:: DATA FOR THE TASK

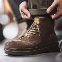 Made with high-quality suede and reinforced stitching, these boots are built to handle the demands of everyday wear. The thick rubber outsole offers superior traction and grip on a variety of surfaces, making them ideal for both city streets and rough terrain. Inside, a breathable canvas lining and cushioned fabric insole keep your feet warm, comfortable, and supported even after long hours on your feet. The lace-up closure allows for a customizable fit, while the round toe design ensures natural movement and plenty of room.
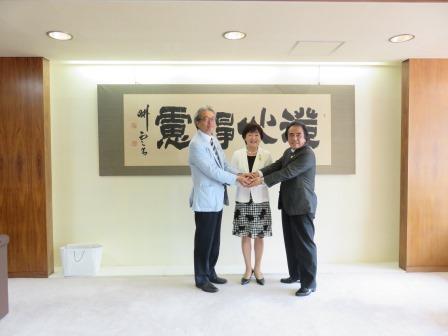 記念撮影(左から首藤市長、郡市長、日小田議長)
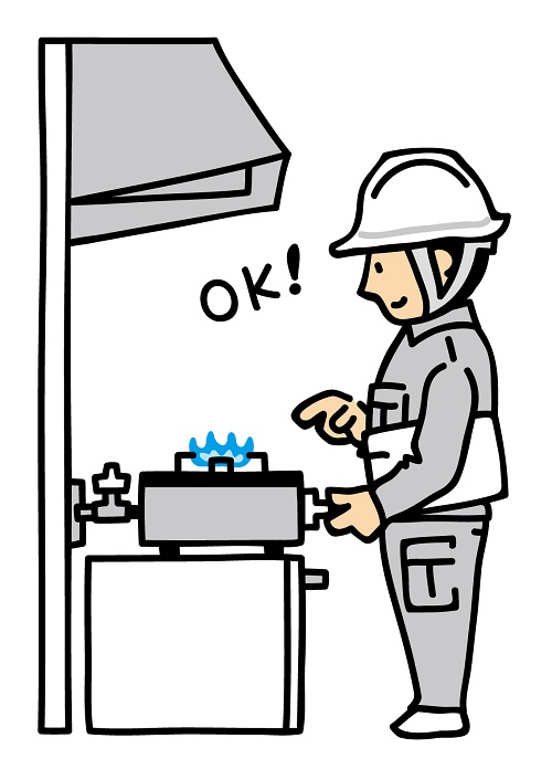 予定の時間を少し過ぎたころ、若いおにいさんが一人でこられて、外の給湯器をチェックされたあと、キッチンのガス器具のチェック。「問題なし」とのことでした。よかったよかった。
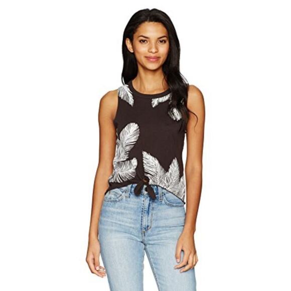 Chaser Palm Leave Jersey Tie Front Muscle Tank Top Black/White Women's M NWOT
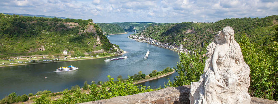 Efter frokost ombord sejlede skibet videre ad Rhinen, og midt på eftermiddagen gled vi forbi Lorelei-klippen. Her genkaldte vi os sagnet om den unge kvinde, der pga. ulykkelig kærlig kaster sig ud fra klippen, hvorefter hun som sirene lokker sømænd med sin besnærende sang, så de lider skibbrud.
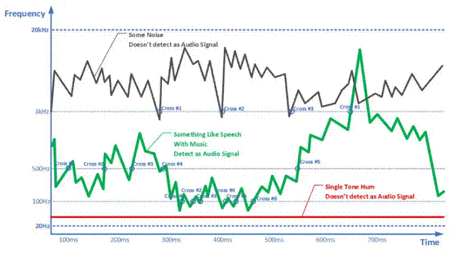 人耳可以聽到的頻率范圍約為 20 Hz 至 20,000 Hz。該范圍可以包括單音,例如變壓器嗡嗡聲或來自無線電系統(tǒng)的白噪聲。這并不是說這些聲音在音頻系統(tǒng)中是理想的。高強(qiáng)度的此類聲音會(huì)損害聽力。人類語音、音樂和自然聲音具有不斷變化的不同頻率。因此,音頻檢測(cè)器應(yīng)該記錄頻率變化并根據(jù)這些變化挑選有用的音頻信號(hào)。
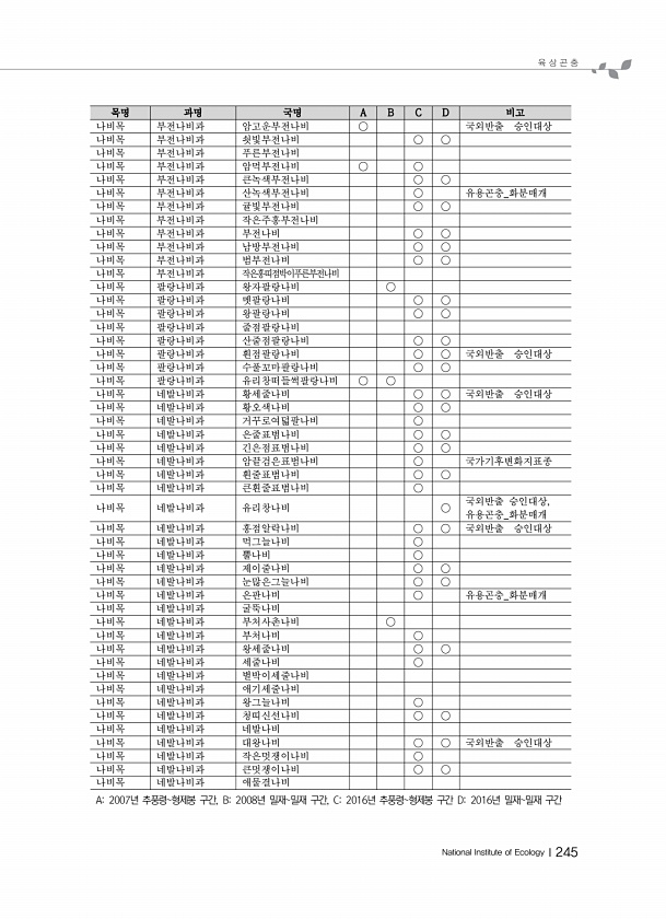 육 상 곤 충 National Institute of EcologyⅠ245 목명 과명 국명 A B C D 비고 나비목 부전나비과 암고운부전나비 ○ 국외반출 승인대상 나비목 부전나비과 쇳빛부전나비 ○ ○ 나비목 부전나비과 푸른부전나비 나비목 부전나비과 암먹부전나비 ○ ○ 나비목 부전나비과 큰녹색부전나비 ○ ○ 나비목 부전나비과 산녹색부전나비 ○ 유용곤충_화분매개 나비목 부전나비과 귤빛부전나비 ○ ○ 나비목 부전나비과 작은주홍부전나비 나비목 부전나비과 부전나비 ○ ○ 나비목 부전나비과 남방부전나비 ○ ○ 나비목 부전나비과 범부전나비 ○ ○ 나비목 부전나비과 작은홍띠점박이푸른부전나비 나비목 팔랑나비과 왕자팔랑나비 ○ 나비목 팔랑나비과 멧팔랑나비 ○ ○ 나비목 팔랑나비과 왕팔랑나비 ○ ○ 나비목 팔랑나비과 줄점팔랑...
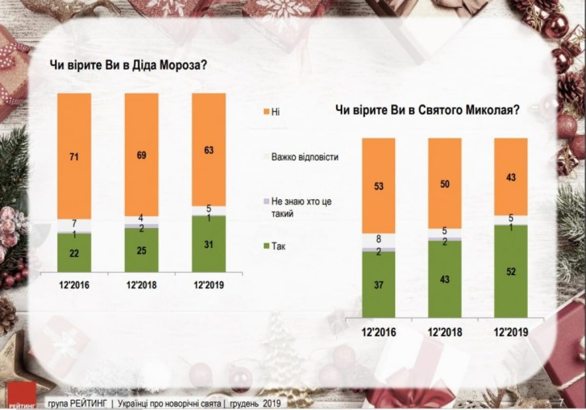 Половина українців сказали, що вірять у Миколая, тоді як у Діда Мороза вірить 31% опитуваних.
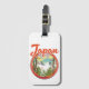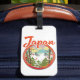 Japan Reiselogo mit der Landschaft mit einem schneebedeckten Berg und Bäumen.
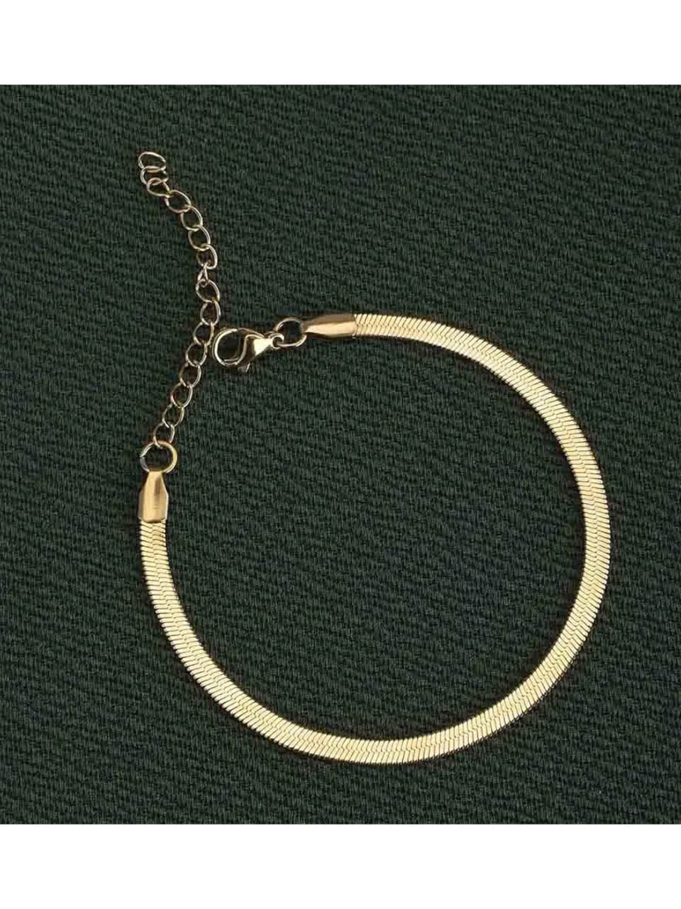 - This elegant bracelet features a fluid snake-chain design with a polished gold finish that radiates timeless charm.
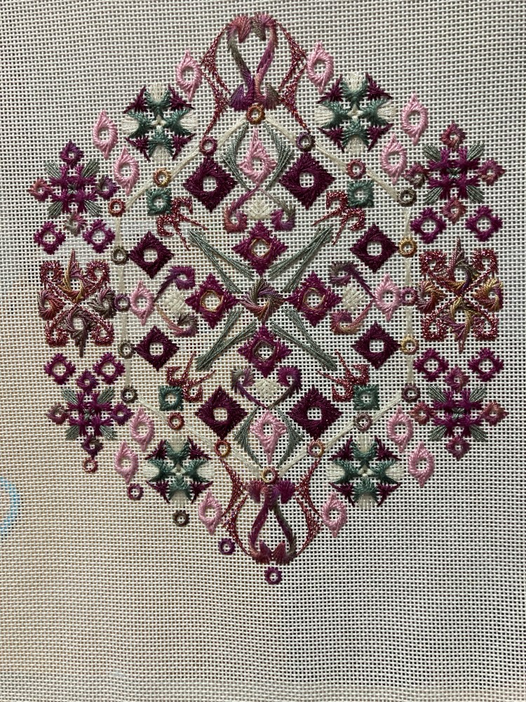 This group of stitchers began participating in a Peppermint Purple blackwork stitch-a-long via Zoom meetings early in 2021. For more information about Peppermint Purple and blackwork, follow this link. Stitch-a-longs are great fun as they are completed one small piece at a time throughout a year. Since then, members have tried other blackwork stitchalongs as well as blackwork projects from a variety of sources.
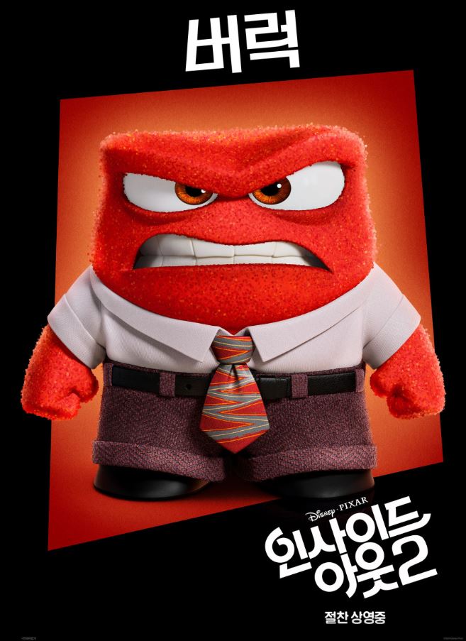 - 버럭(Anger) - 이름처럼 버럭 하는 성격. 다른 이름으로는 분노라고 불리기도 한다. 기쁨의 설명으로는 일이 공정하지 못한 것에 깊게 관여하는 역할이다.
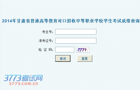 根据甘肃省招委会考务管理工作规定,经省教育厅批准,2014年甘肃省普通高等教育对口招收中等职业学校学生考试(三校生考试)成绩定于2014年6月16日(星期一),在甘肃职业教育信息网(
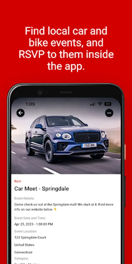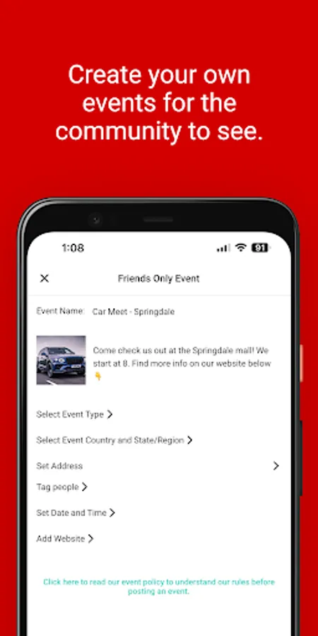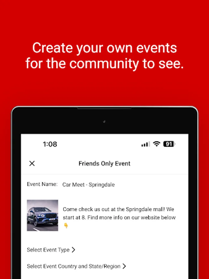 Create events for automotive-related activities such as car shows, off-road events, race events, meetups, or other gatherings, and can also specify the date, time, and location, and invite your friends by tagging them. You can also search for upcoming events in the local area or beyond through our search function.

::::

» **WHAT YOU NEED TO DO**
Look above for the line with "Половина українців сказали, що" and the line with "- This elegant"; set down those two lines and all lines between them exactly, without pictures and without anything else.

» **RESPONSE AREA**
 Половина українців сказали, що вірять у Миколая, тоді як у Діда Мороза вірить 31% опитуваних.
 Japan Reiselogo mit der Landschaft mit einem schneebedeckten Berg und Bäumen.
 - This elegant bracelet features a fluid snake-chain design with a polished gold finish that radiates timeless charm.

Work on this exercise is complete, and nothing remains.